= Drum heater =

A drum heater – also called band heater, barrel heater, container heater or canister heater- is used to reduce viscosity of liquids and gels by heating in order to fill, pump or bottle the respective liquid or to prevent liquids from freezing inside the drum. Typical liquids for the bottling application are tar, varnish, resin, grease, chocolate or galantine.
Drum heaters are available for drums between 20 and 220 litres.

== Drum heating ovens ==
Drum ovens are designed to store and heat typically from four to 24 drums, usually stored in groups of four on pallets, for ease of insertion and removal by fork-lift. Heated by steam or radiant electric elements, with a single zone thermostat, they are commonly used where long-term storage at a fixed temperature is required to reduce liquid viscosity or keep solids above their melt temperature. Mobile single-drum electric ovens are also available.

=== Glass fibre mats ===
Industrial heaters of this type have an isolated heating element embedded in a glass fibre mat. Silicone coated drum heaters are suitable for steel drums, whereas polyester coatings at lower temperatures can be used for plastic containers. As these heaters are flexible and wrap around the container they may also be called band heaters. Up to three band heaters can be applied to a standard 200 litre barrel.
There is no additional insulation so heat is lost by radiation into the surrounding air and the surface temperatures can be hot enough to burn unprotected hands.
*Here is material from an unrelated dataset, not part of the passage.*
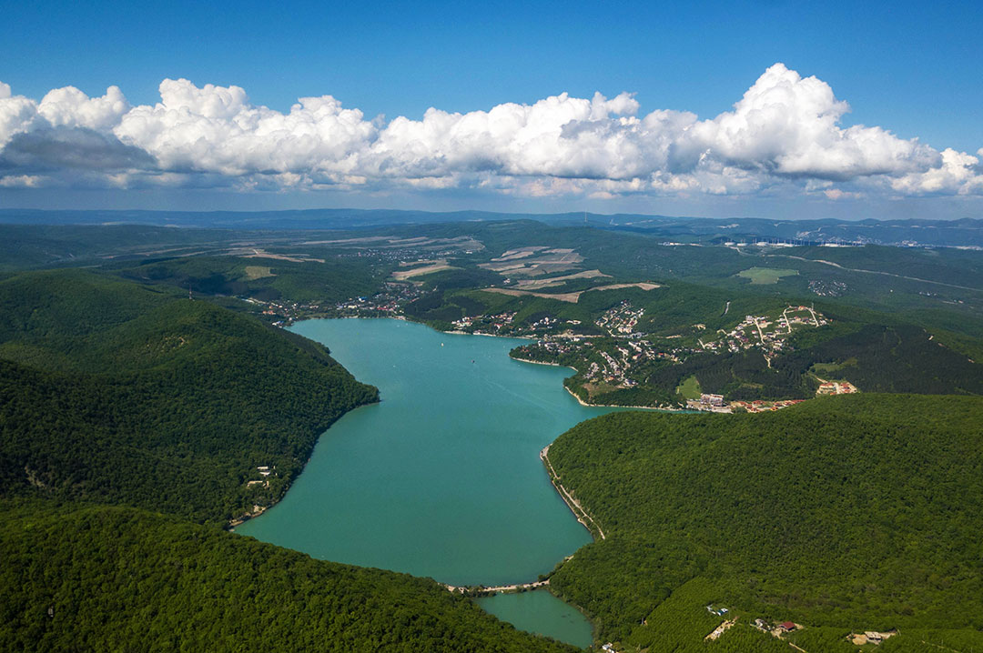 Озеро Абрау — самое большое в Краснодарском крае и славится чистой и на удивление тёплой водой. Фото: NsdPower / Shutterstock.com

=== Insulated heating jackets ===
These electrical drum heaters have an outer layer of insulation to protect the user and to increase energy efficiency as significantly less heat is lost to the atmosphere, and thus their power consumption is considerably less than band heaters. Typically they are designed to cover the entire surface of the drum or container.

=== Drum base heater ===
Many viscous liquids and solids stored in steel drums require considerable energy input prior to removing from the container for processing. It is sometimes beneficial to add heat directly to the underside of the drum, using a base heater. These are available in various constructions using, induction heating, steam, or silicone heater mats inside a body with sufficient mechanical strength to support the weight of a full drum.

=== Induction Drum Heater ===
Individual steel drums can be heated by mains frequency induction heating. The magnetic field generated by the induction heater produces eddy currents in the drum wall, causing the steel to heat the contents.